> **Task goal**: Starting at the first line of the material below and stopping after the line that includes "高一年級(jí)組學(xué", write the lines out again exactly. Drop any pictures.

> **The data**:
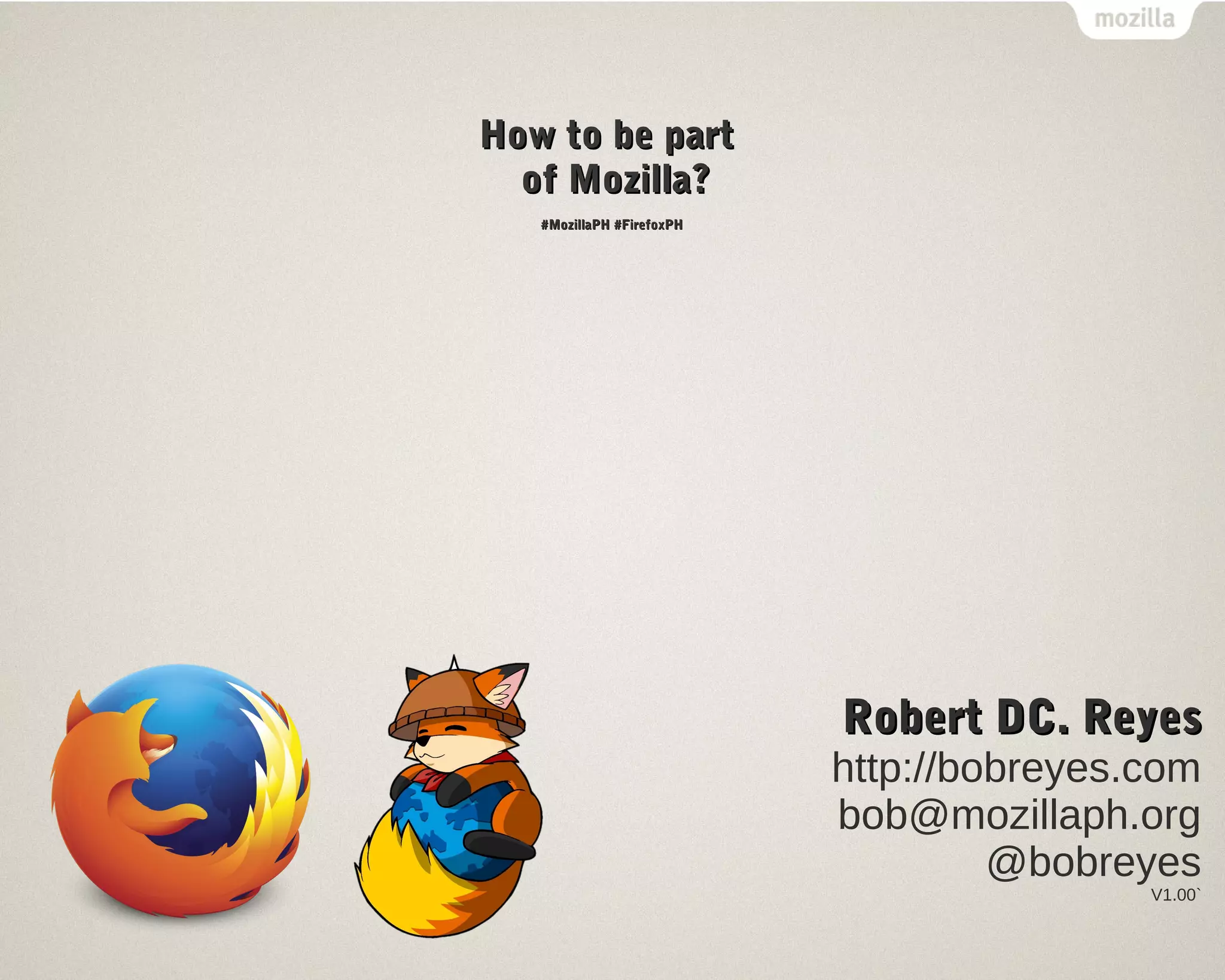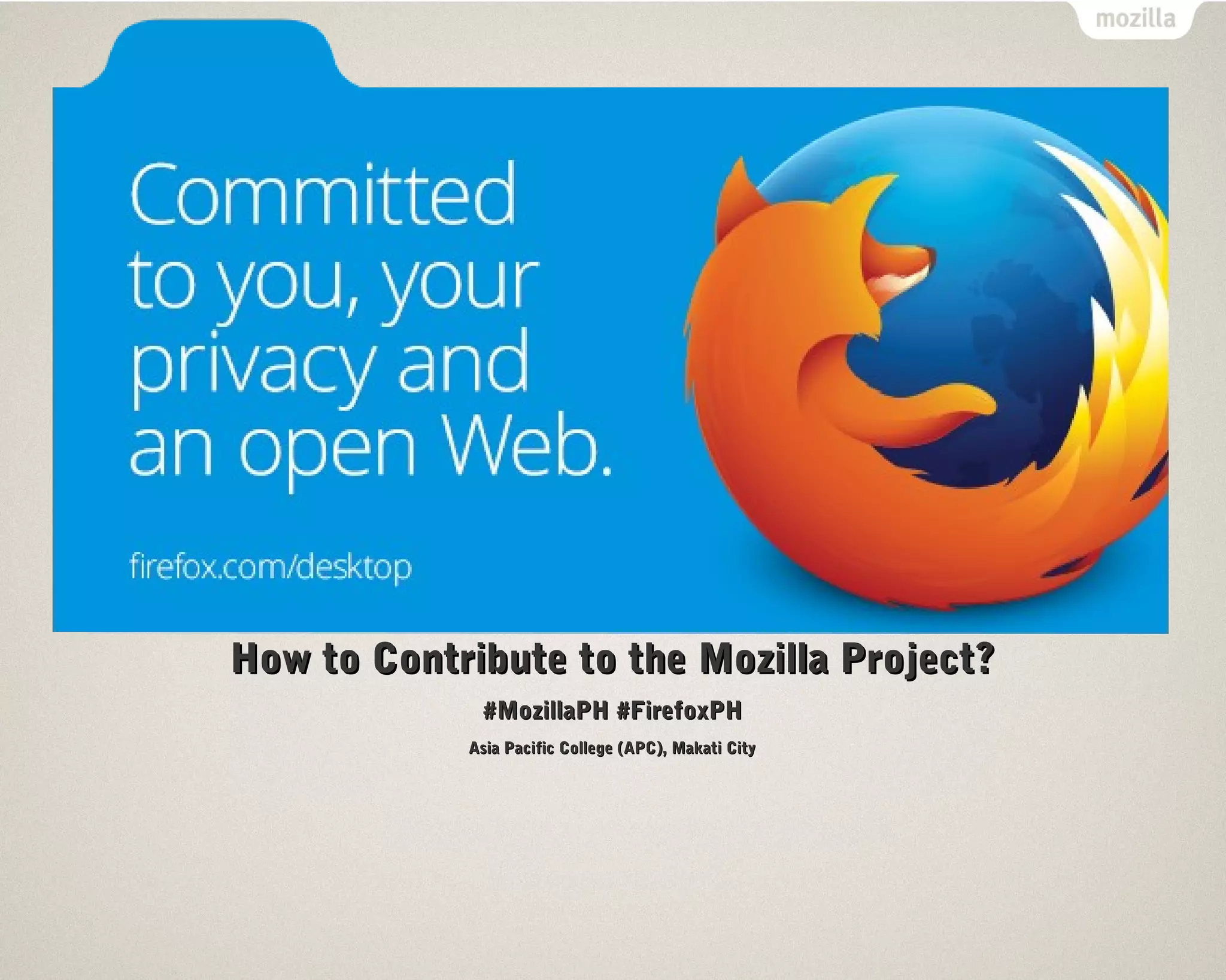 The document provides information on how to contribute to the Mozilla project. It discusses Mozilla's mission to promote openness and innovation on the web. It then lists several areas for contribution, including helping users, testing, coding, marketing, translation, web development, add-ons, design, documentation, and education. It encourages contributors of all skill levels and time commitments to get involved with Mozilla's open source work.
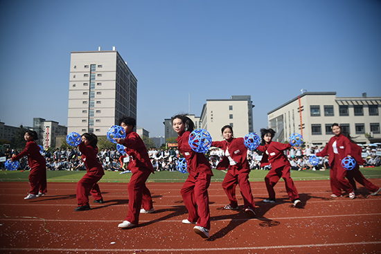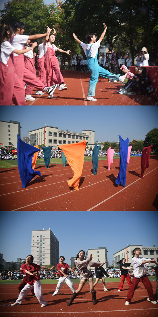 高一年級(jí)組學(xué)生帶來了亞運(yùn)主題表演《一起向未來》。他們的表演動(dòng)作整齊劃一,活力四射,展示了青荷學(xué)子團(tuán)結(jié)向上,奮發(fā)進(jìn)取的青春活力。
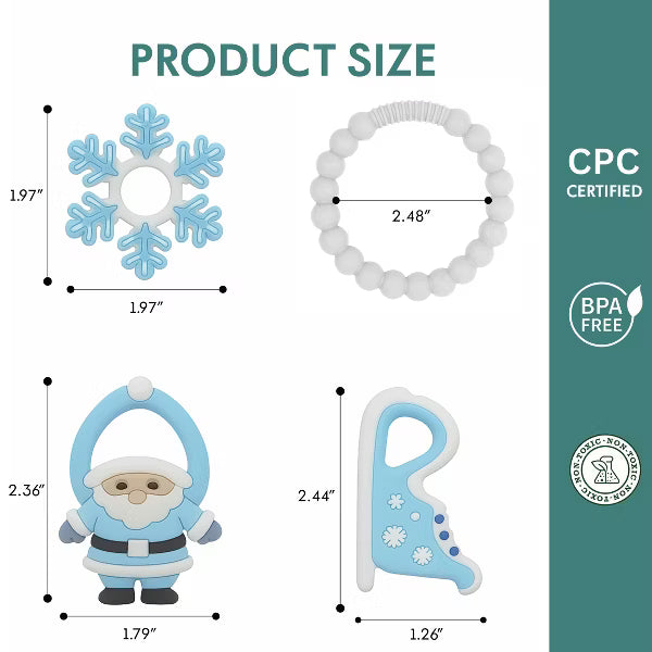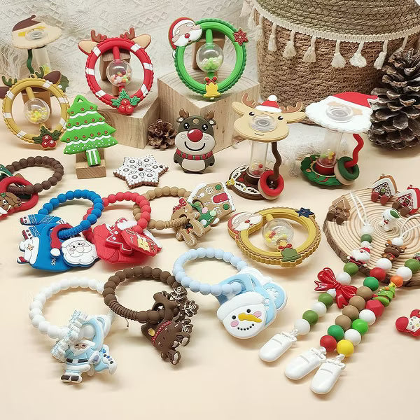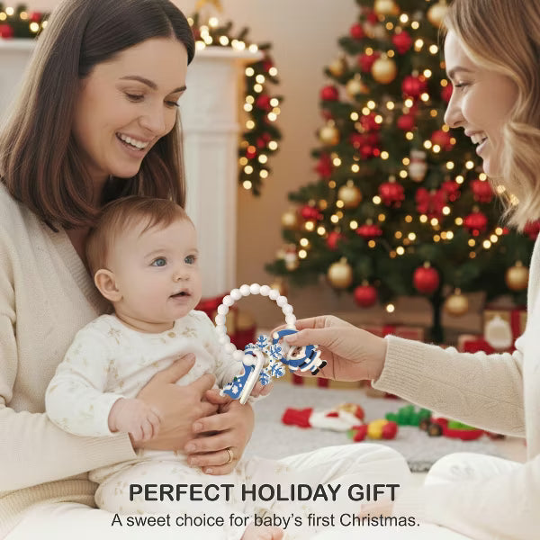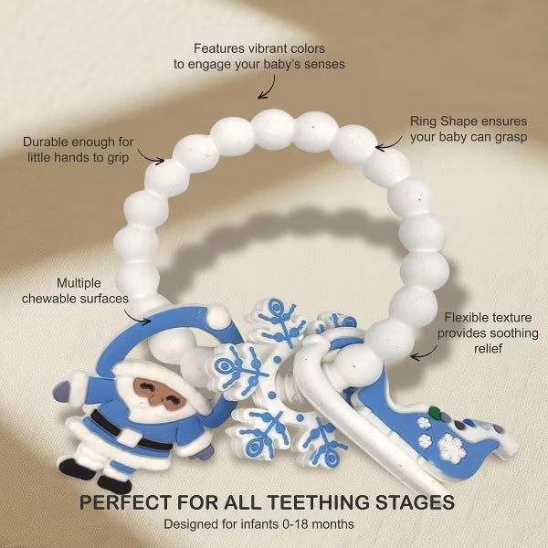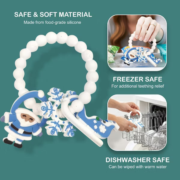 Celebrate your baby’s first holiday season magical with the Adorable Christmas Silicone Teether, a festive favorite that combines charm, comfort, and safety. This Christmas baby teether is beautifully designed with cheerful holiday details including a gingerbread man, Santa, Christmas tree, and gingerbread house charms, capturing the warmth and wonder of the season. Crafted from premium food-grade silicone, this BPA-free silicone teether is completely non-toxic, soft, and chewable perfect for delicate gums. The Christmas themed teething toy features a flexible beaded ring that’s perfectly sized for infant hands, allowing babies to grasp, hold, and chew easily. Its smooth yet textured surfaces gently massage gums, providing safe teething relief while stimulating sensory development and hand-eye coordination. Ideal for infants and toddlers aged 0–18 months, this holiday teether for babies delivers soothing comfort through every teething stage. Parents will love how easy it is to clean, simply rinse with warm water or place it in the dishwasher for quick sanitation. Whether you’re searching for a Christmas teether toy for baby boys and girls or a holiday gift, this soft chewable baby toy doubles as both a practical essential and a charming. Its delightful silicone Christmas design makes it a thoughtful baby teether Christmas gift for newborns, infants, and toddlers. Place it in a stocking, gift basket, or under the tree, a joyful and safe teething toy that brings smiles and comfort all season long.
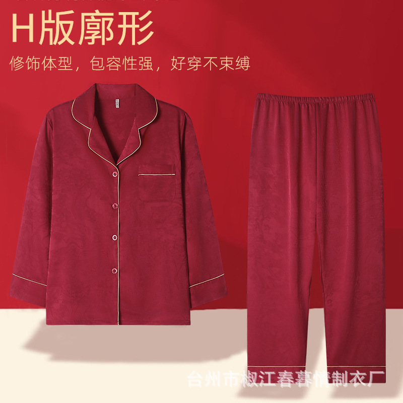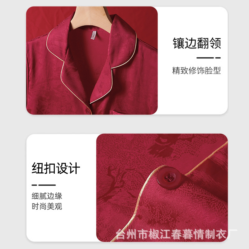 웨딩 잠옷 신부 커플 아이스 실크 세트 한 남자와 한 여자 레드 인터넷 연예인 자카드 가정 옷 봄과 가을

> **Result of the task**:
 The document provides information on how to contribute to the Mozilla project. It discusses Mozilla's mission to promote openness and innovation on the web. It then lists several areas for contribution, including helping users, testing, coding, marketing, translation, web development, add-ons, design, documentation, and education. It encourages contributors of all skill levels and time commitments to get involved with Mozilla's open source work.
 高一年級(jí)組學(xué)生帶來了亞運(yùn)主題表演《一起向未來》。他們的表演動(dòng)作整齊劃一,活力四射,展示了青荷學(xué)子團(tuán)結(jié)向上,奮發(fā)進(jìn)取的青春活力。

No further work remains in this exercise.